How A Scary Genetic Diagnosis Revealed Healthcare’s Dirty Data Secrets: And How To Unlock Them
Simon Smith
2014-11-03 00:00:00

So my wife booked an appointment with a genetic counsellor. And I booked an appointment with Dr. Google. After finding no comprehensive source of information on interventions associated with a reduced risk of Parkinson’s disease (a few sites mention coffee, some nicotine), I dug into research on PubMed and compiled my own list. By the time my wife had her appointment, she was armed with recommendations and references to back them up. And it was a good thing: few doctors or counselors she spoke with knew much about them.

Fortunately, based on a lack of family history, my wife learned that her risk is considered to be substantially lower than first feared. (Although she’s still taking precautions.) But the experience left its mark. How many other prospective treatments and preventions are locked away in health data? Might there be ways to analyze them algorithmically?

That question led me to start an experimental research project called WellPilot. Our mission is to turn complex data into simple guidance for optimal wellbeing. And while we’ve only been at it a year, the results have reinforced my belief that the future of healthcare will be powered by data—but not until we can overcome at least four key barriers: data quantity, silos, latency and complexity.

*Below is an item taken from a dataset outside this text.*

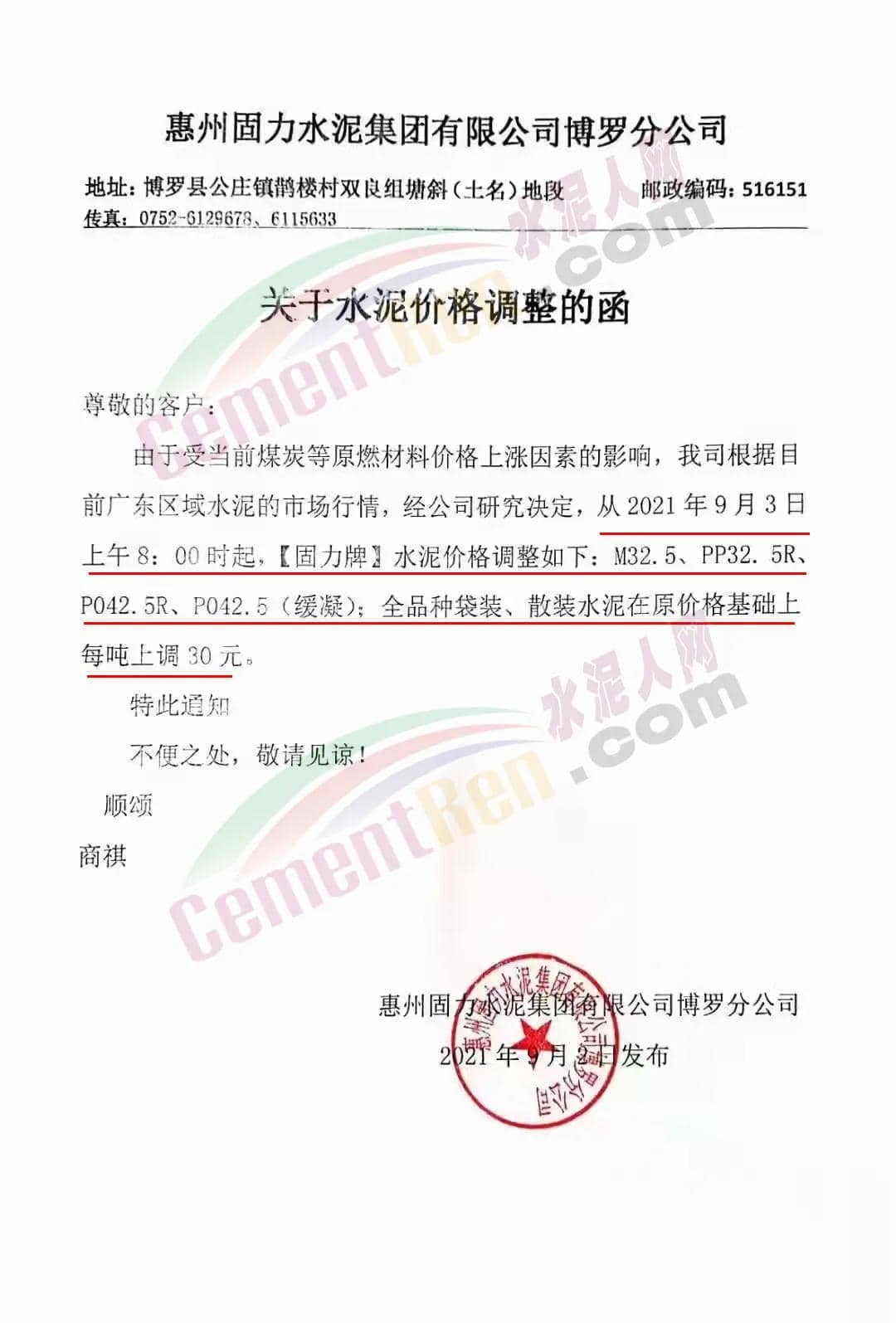 惠州固力水泥集團(tuán)有限公司分公司通知,受當(dāng)前煤炭等原燃材料價(jià)格上漲因素的影響,公司根據(jù)目前廣東區(qū)域水泥的市場(chǎng)行情決定,從2021年9月3日上午8時(shí)起,“固力牌”M32.5、PP32.5R、PO42.5R、PO42.5(緩凝);全品種袋裝、散裝水泥在原價(jià)格基礎(chǔ)上上調(diào)30元/噸。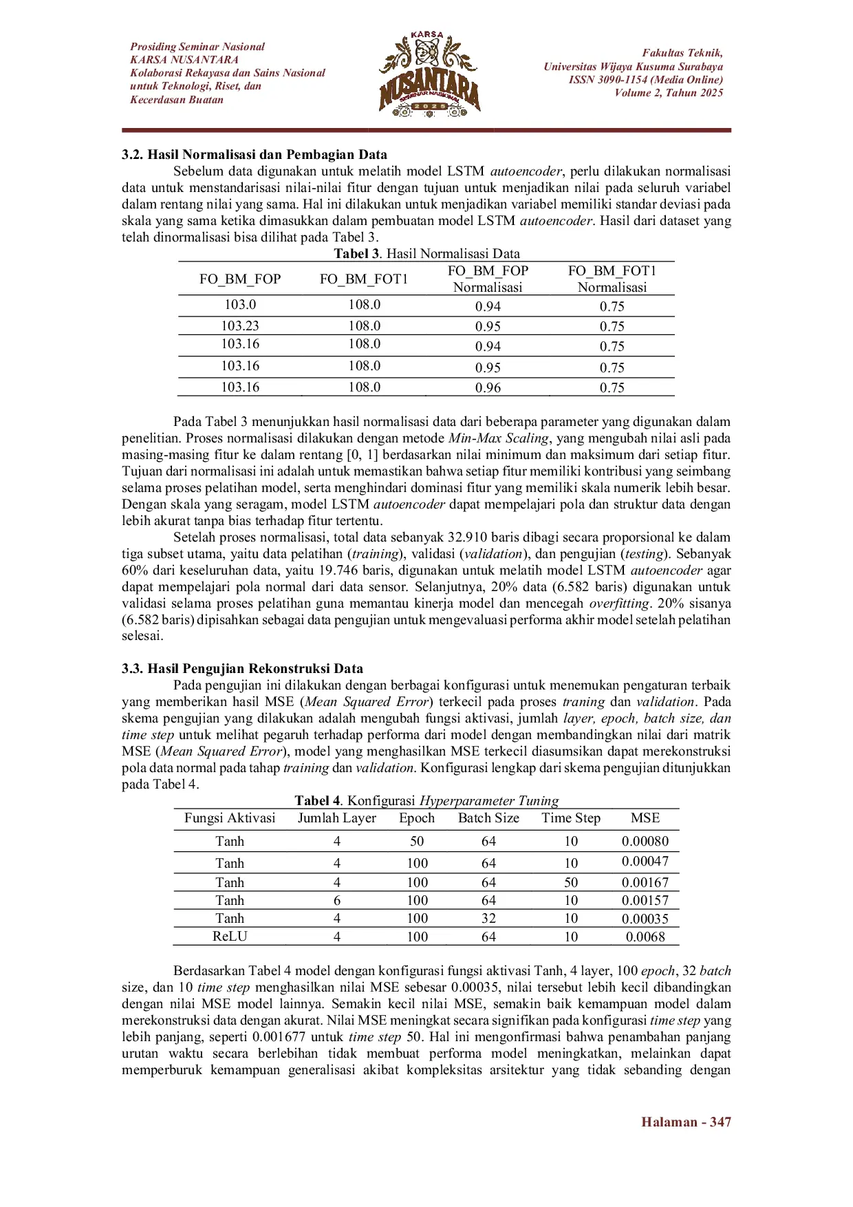 KARSA NUSANTARAKARSA NUSANTARAPembangkit Listrik Tenaga Mesin Gas (PLTMG) memanfaatkan sensor suhu dan tekanan untuk memantau kondisi operasional. Sistem keamanan konvensional yang menggunakan ambang batas tetap sering kali tidak mampu mengidentifikasi gejala awal gangguan sebelum mencapai kondisi kritis. Penelitian ini mengusulkan pengembangan sistem deteksi anomali berbasis metode Long Short-Term Memory (LSTM) Autoencoder sebagai solusi yang lebih adaptif. Data sensor dikumpulkan melalui protokol MQTT dan disimpan dalam database, kemudian diproses melalui tahap pra‑pemrosesan, normalisasi, dan pembentukan data berurutan (time series). Model dilatih untuk mengenali pola normal dan mengidentifikasi deviasi melalui nilai reconstruction loss. Hasil pengujian menunjukkan bahwa konfigurasi model optimal menghasilkan nilai MSE terendah sebesar 0.00035 dengan kemampuan yang baik dalam mendeteksi anomali pada data yang sebelumnya tidak dikenali. Sistem ini terbukti efektif memberikan peringatan dini dan berpotensi mengurangi risiko kerusakan maupun gangguan operasional.

Data quantity: Information grows exponentially, time does not

The fact that my wife’s healthcare professionals weren't aware of all the prospective preventative interventions for Parkinson's isn't surprising, and you can’t blame them. On average, PubMed alone indexed about 2,823 articles per day in 2013, up from about 1,651 articles per day in 20031—nearly 70% growth in 10 years. The average time that healthcare professionals have available to review such research has likely shrunk over the same period or, at best, remained stagnant. As controversial med-tech venture capitalist Vinod Khosla has pointed out, doctors simply cannot cope with the data deluge.

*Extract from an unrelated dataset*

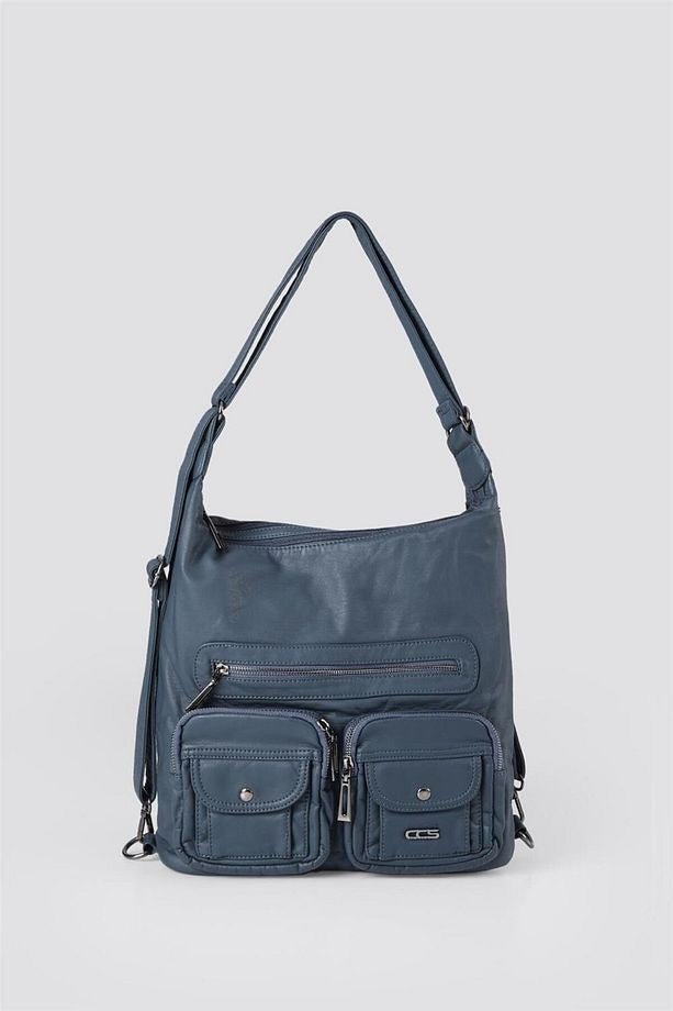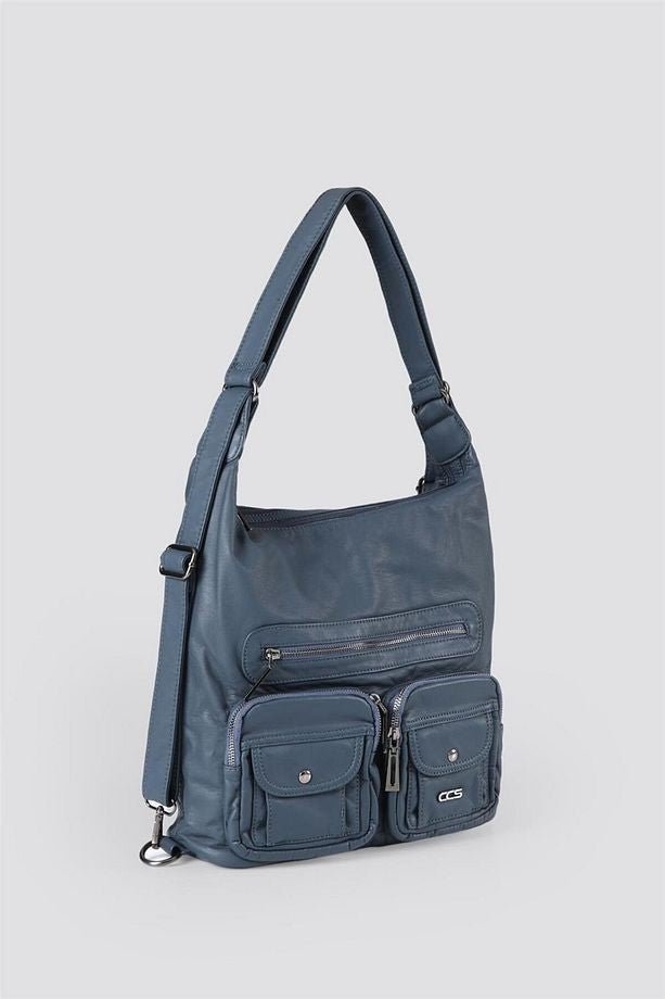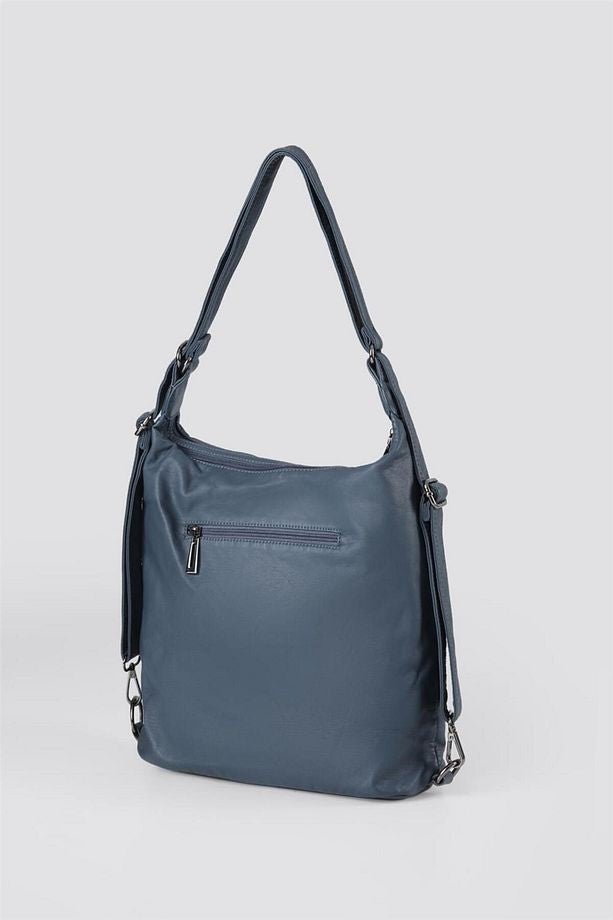 Scarpax Kinya Mavi Kadın Omuz Çantası - Yıkanabilir Deri, 2 Fermuarlı Ana Bölme, 7 Cep

Let’s look at one condition alone. As of this writing, WellPilot has found research for 809 Parkinson’s disease interventions. Many of these are not drugs (for example, the supplement coenzyme Q10) and hence don't receive paid promotion to healthcare professionals by pharmaceutical companies, meaning they’re far less likely to be on a doctor’s radar—simply because doctors are time-crunched and not always able to keep up with the latest clinical research.

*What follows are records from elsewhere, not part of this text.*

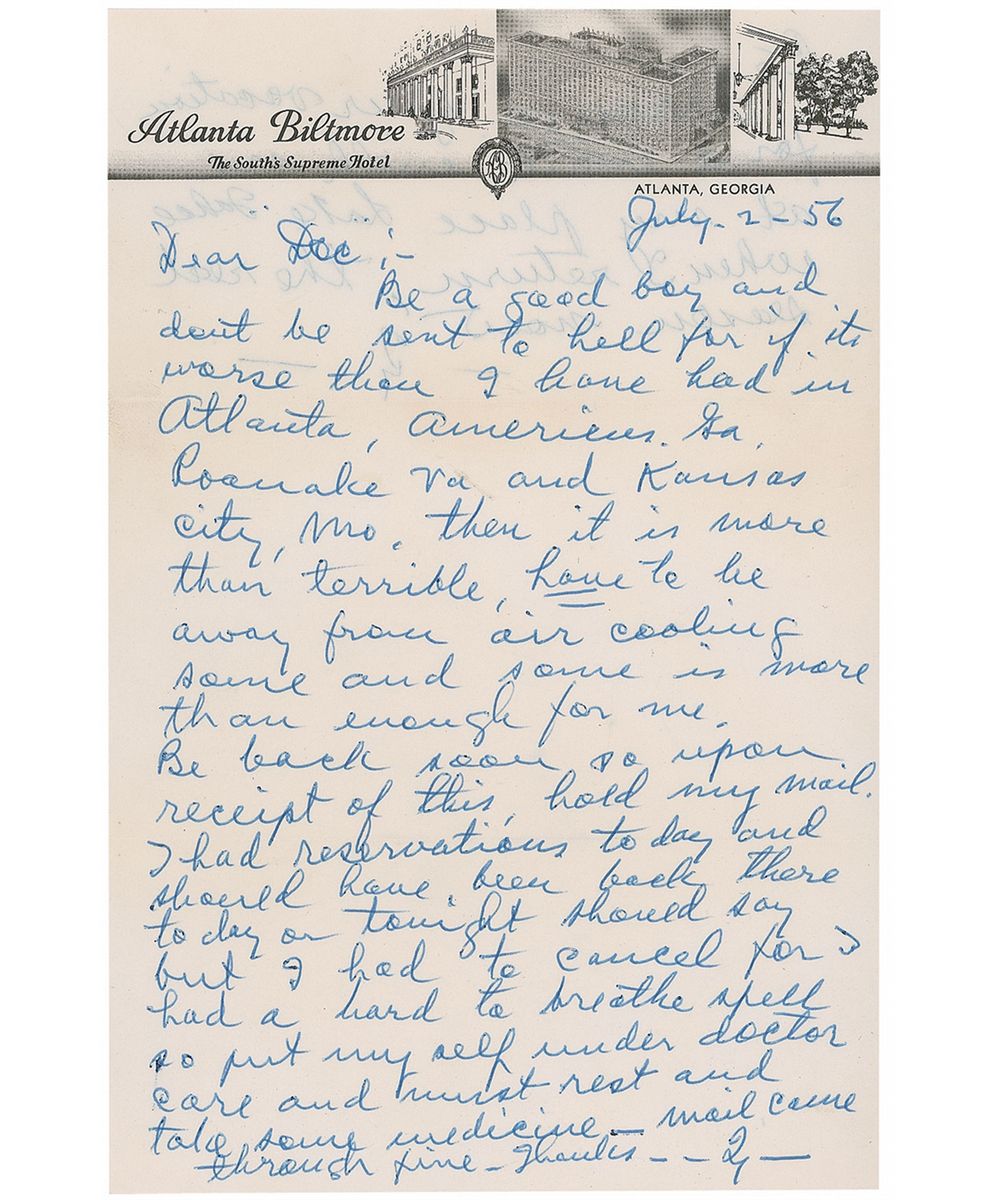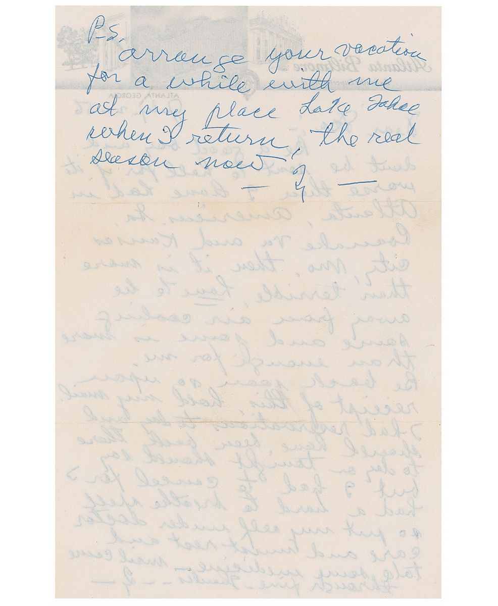 ALS signed “Ty,” one page both sides, 5.5 x 8.25, Atlanta Biltmore letterhead, July 2, 1956. Letter to ‘Doc’ Morris. In part: “Be a good boy and don’t be sent to hell for if it’s worse than I have had in Atlanta, Americus, Ga., Roanoke, Va., and Kansas City, Mo., then it is more than terrible, have to be away from air cooling some and some is more than enough for me.” In a postscript on the reverse, also signed “Ty,” Cobb invites Mr. Morris to his vacation home on Lake Tahoe. In fine condition. Accompanied by the original mailing envelope, addressed in Cobb’s hand. Accompanied by a full letter of authenticity and grading from PSA/DNA, grading the autograph a “9.”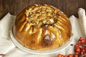 Поставьте кулебяку в теплое место для расстойки на 30 мин. Смажьте сырым яйцом.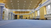Для занятий и тренировок в зале имеются гимнастическое бревно, перекладина, мужские брусья, кольца, разновысокие брусья, гимнастический конь для прыжков, гимнастический козел и гимнастический «ковер» размером 12х12 метров.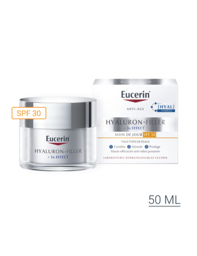 Avec l'âge, la production naturelle d'Acide Hyaluronique de notre peau décroît : des rides et ridules se forment, la peau paraît moins jeune. Le Soin de Jour SPF 30 HYALURON-FILLER + 3X EFFECT ralentit ce processus grâce à sa formule :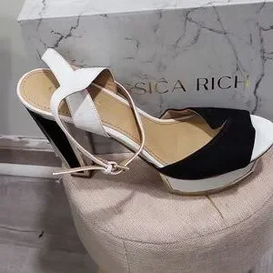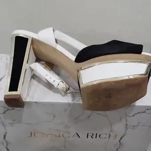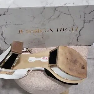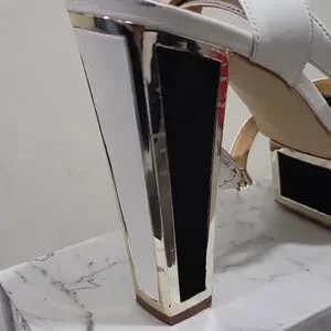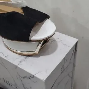 blk white & gold heeled sandals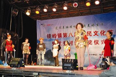 新昌新闻网记者胡秋萍摄影报道 10月23日,镜岭镇第八届农民文化节在该镇溪西村举行,来自该镇各个村的农民文艺爱好者结合当地实际,自编自演了包括小品、莲花落、排舞等多个节目,为广大观众送上了一场丰富多彩的视听盛宴。图为溪西村根据真实事件自编自演的小品《溪西村事》,引起大家共鸣。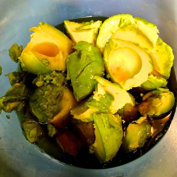 Látigo de aguacates y jarabe de arce con una batidora eléctrica hasta que quede suave.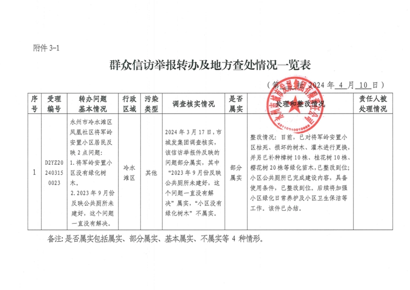 2024年3月16日,我司接到省第四生態(tài)環(huán)境保護督察組轉(zhuǎn)辦的第二批D2YZ202403150023號環(huán)境舉報問題,群眾反映將軍嶺安置小區(qū)沒有綠化樹木、小區(qū)公共廁所未建好等問題,現(xiàn)已辦結(jié),現(xiàn)報告如下:

Machine-based data aggregation and analysis can help healthcare professionals cope. And with the adoption of electronic health record systems, growing use of wearable health devices, dropping cost of genome sequencing, and other drivers of data growth, this will only become more critical over time.

​Data silos: The dots are disconnected

Not only is there a vast and increasing amount of healthcare data, much of it exists in silos. The US National Library of Medicine has, thankfully, aggregated and organized much healthcare information. But even in the US, which does a better job than most countries, health-related information is separately collected and distributed by numerous organizations, including the National Library of Medicine, the Centers for Disease Control and Prevention and the Food and Drug Administration. And while electronic health records promise to make medicine more quantified, the truth is that the market is fragmented, with multiple vendors storing data independently.

Furthermore, the taxonomies for organizing this information are not always the same for different data sources, making them difficult to cross-reference. There are standard reference systems—for example, MeSH and ICD—but even these aren’t consistently adopted and applied.

For WellPilot, we aggregate data from sources including published research, clinical trials and reported treatment side effects. Each of these uses a separate data set available through distinct sources, without a single, official common taxonomy for querying and cross-referencing the information. To address this, we have developed and maintain an extensive list of synonyms, many of which differ by region. For example, in the US and Japan, most people refer to acetaminophen, while elsewhere it’s paracetamol.

Bringing structure to the mass of unstructured health data is an important challenge for 21st century, data-driven medicine.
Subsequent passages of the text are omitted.